The healthiest way to look at hobby regret is not to ask, “Did this make me rich, impressive, or permanently useful?” A better question is, “Did this serve the life I had then, and does it still serve the life I want now?” If the answer is yes, keep going. If the answer is no, thank the hobby for its service and let it retire peacefully, preferably before it takes over another closet.
Conclusion
Hobby regret is funny because it is so human. We chase joy, mastery, identity, comfort, status, escape, and communitysometimes all at once, sometimes while holding a coupon for craft supplies. The online stories about regretted hobbies are not warnings against passion. They are reminders to stay awake inside our own routines.

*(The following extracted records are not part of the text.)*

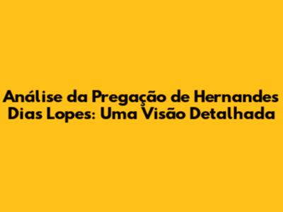 Análise Da Pregação De Hernandes Dias Lopes: Uma Visão Detalhada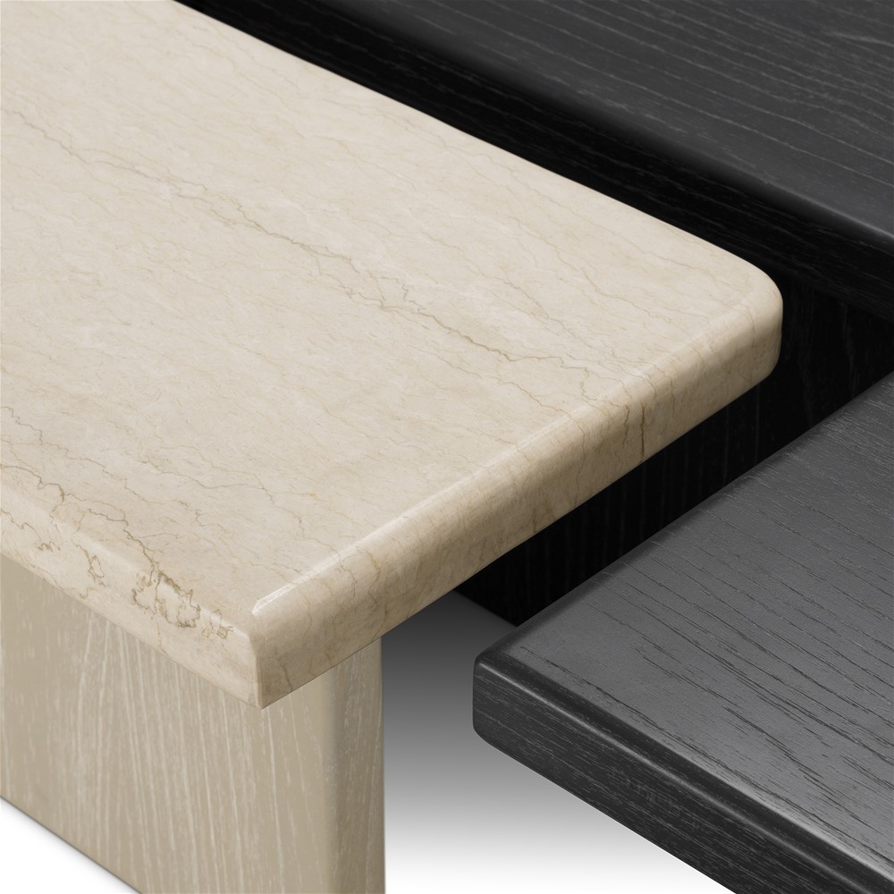 Beige marble | charcoal grey oak veneer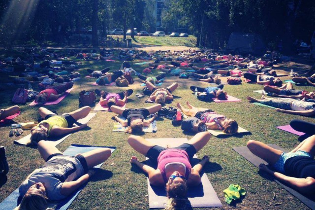 Puistoon joogaamaan tuhansien ihmisten kanssa!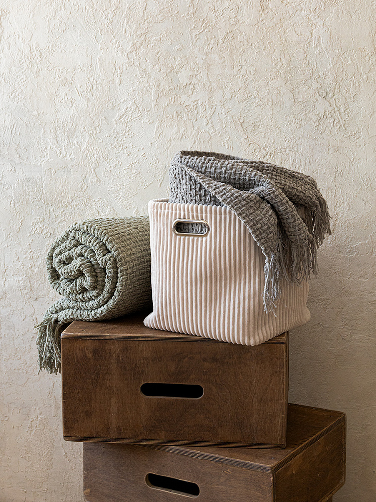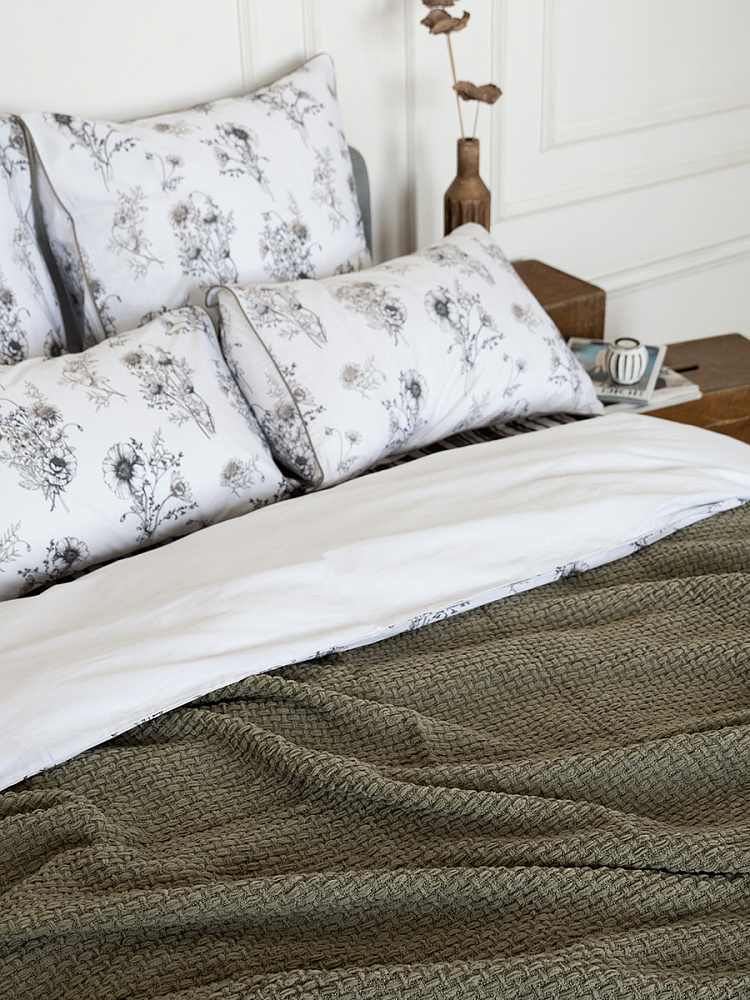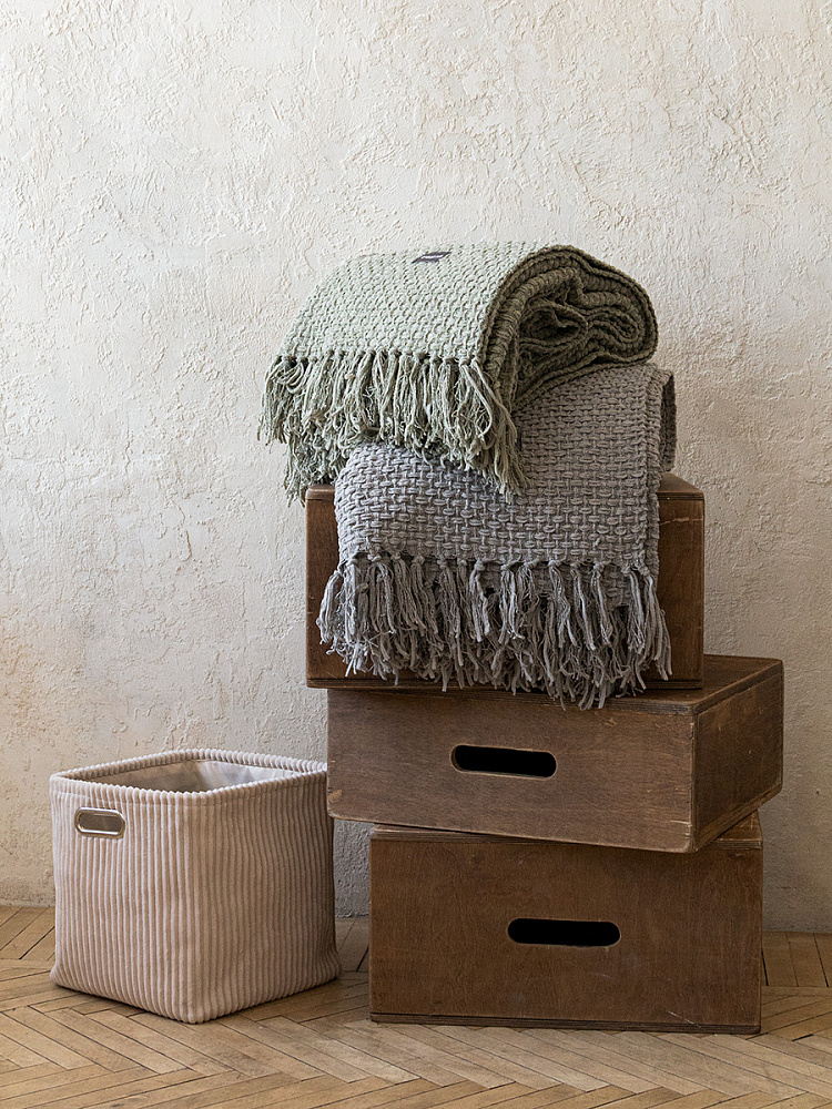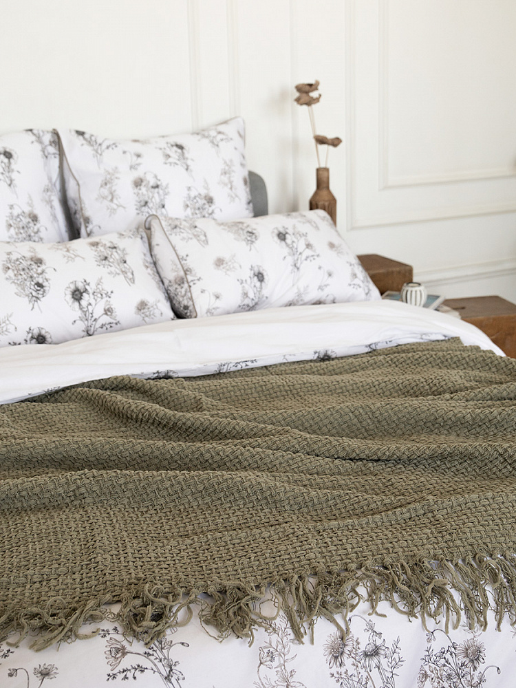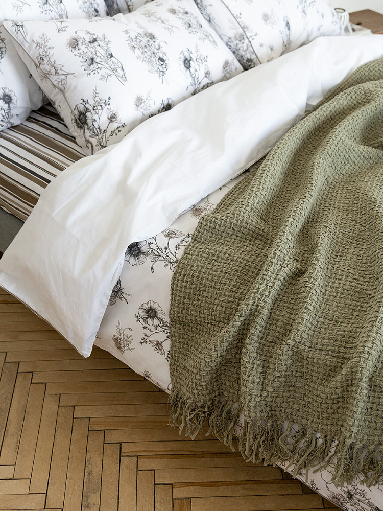 Плед 150x200см DE'NASTIA плетеный зеленый хлопок/шенилл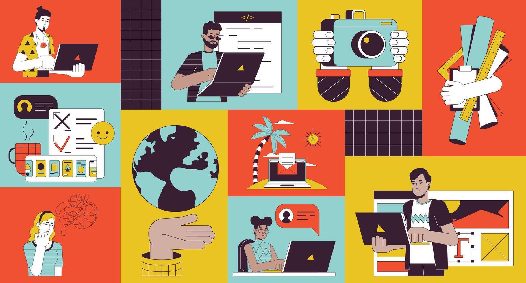 Remote working bento grid illustration set. Nomad laptop, notebook typing teleworkers 2D image collage design graphics collection. Multicultural freelancers flat characters moodboard layout Pro Vector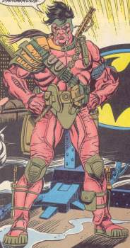 Powers: Ballistic possesses superhuman strength and agility. He has infrared sight and enhanced hearing, and his body is covered by an exoskeleton that grants him invulnerability. Ballistic is always armed with an arsenal of weapons such as firearms, grenades and plastic explosives.History: (Batman Annual #17)-Kelvin Mao was a Gotham City police officer who nearly died in the line of duty while fighting Space Parasites Angon. Kelvin was among the small number of Parasite victims that survived the attack, having his metagene activated and gaining superhuman powers. He wanted revenge for the deaths of his fellow officers that Angon killed. He made an abandoned subway terminus his headquarters, storing up a huge cache of weaponry. Taking the name Ballistic, he introduced himself to Commissioner Gordon and asked for the help of Batman III (Azrael) in taking down Angon. Ballistic and batman lured Angon to a booby-trapped house and detonated a series of explosives which wounded the creature and forced it to flee. Ballistic enjoyed this fight so much that he decided to go into business as a bounty-hunter.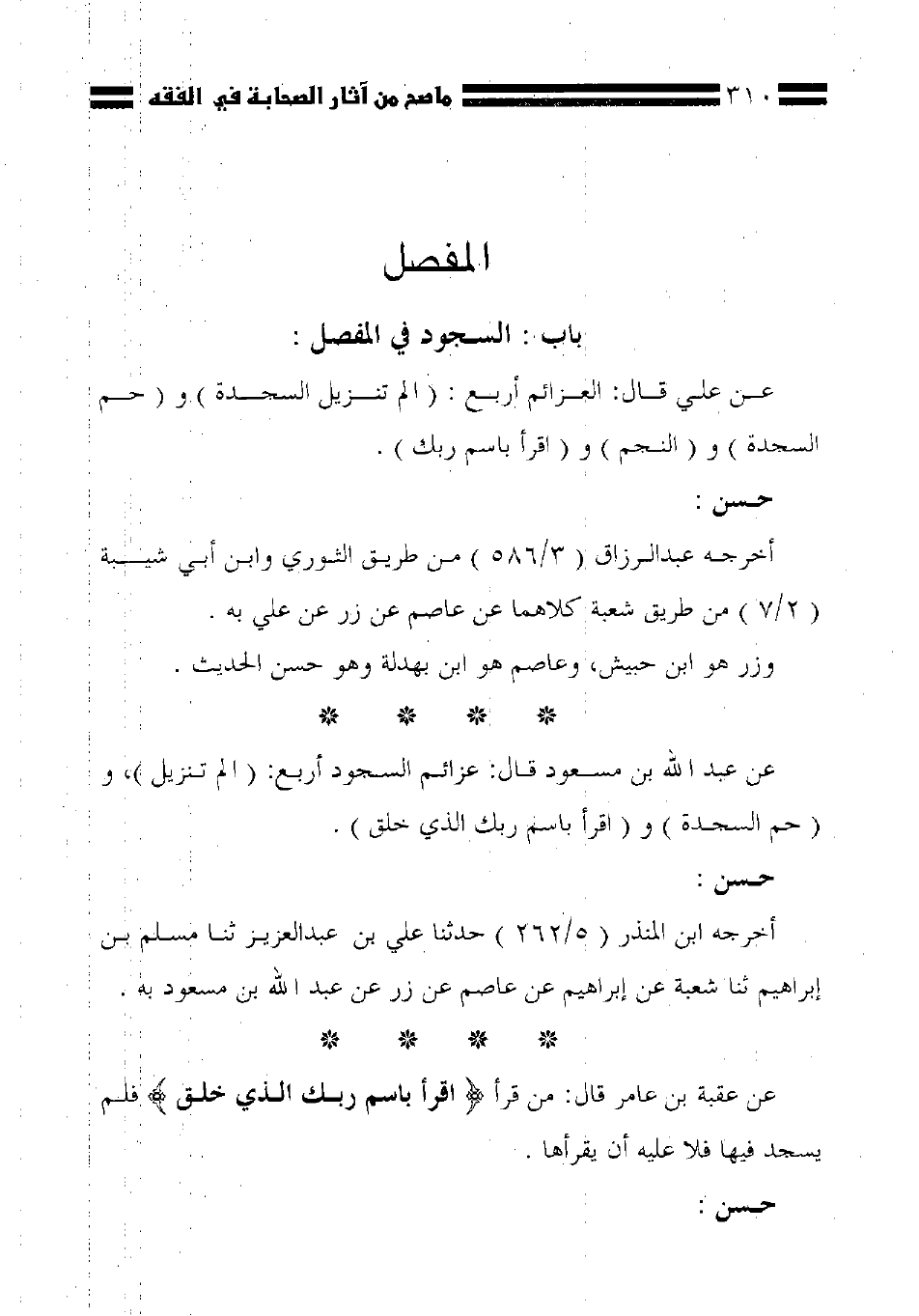 عن علي قال: العزائم أربع: (الم تنزيل السجدة) و (حم السجدة) و (النجم) و (اقرأ باسم ربك).

A good hobby should add something to life: peace, curiosity, strength, friendship, creativity, or delight. It does not have to be productive. It does not have to become a side hustle. It does not have to impress anyone. But it should not quietly drain your time, money, health, or self-respect while you keep saying, “Well, I’ve already come this far.”
Hours already spent are history. The next hour is still yours. Spend it on something that feels alive, not merely familiar. And if you still want to alphabetize your old CDs, that is fine too. Just hydrate, stretch, and maybe do not skip lunch money for it this time.